We reached for an agent framework. It seemed like the right call — agents handle multi-tool workflows, they reason about which tool to use, they chain operations together. The framework we chose (SpaceBot) supports multiple specialized agents, inter-agent routing, skill definitions, and a sophisticated worker system with conversation compaction.
On paper, it was perfect.
What Actually Happened
The $0.70 Calendar Check
The simplest possible query — “what’s on my calendar today?” — would routinely take 5-8 turns to resolve. The agent would:
- Receive the message in the hub agent
- Route it to the PM agent (specialized for calendar/tasks)
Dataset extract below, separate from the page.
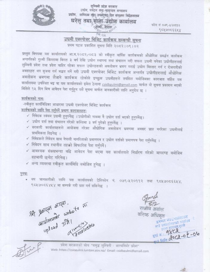 उद्यमी एक्स्पोजर भिजिट कार्यक्रम सम्बन्धी सूचना ।

- Spawn a worker subprocess
- The worker would read its skill definition
- Attempt to launch a browser (ignoring explicit instructions not to)
- Fall back to the API after the browser failed
- Make the actual calendar API call
- Format the response
- Return through the agent chain
Cost: $0.30-0.70 in tokens. Response time: 2-3 minutes. For a query that should be a single API call.
The Free-Range Problem
We wrote extensive discipline files (SOUL.md) for each agent. “NEVER launch a browser.” “ALWAYS read skills FIRST.” “Do NOT use apt-get.” The workers ignored them roughly 40% of the time. Not because the instructions were unclear — because the underlying model’s training data creates a gravitational pull toward certain behaviors. When a Haiku worker sees “Google Calendar,” its strongest association is “launch browser and authenticate,” not “call REST API with a service account JWT.”
No amount of prompt engineering fixed this reliably. We were fighting the model’s priors on every query.
The Token Furnace
Every query, regardless of complexity, burned through the full agent pipeline:
- Hub agent processes the message and loads its SOUL file (~2,000 tokens)
- Routing decision to specialist (~1,000 tokens)
- Specialist loads its own SOUL, context, and skill definitions (~3,000+ tokens)
- Worker spawns with its own context, SOUL, and skill files (~3,000+ tokens)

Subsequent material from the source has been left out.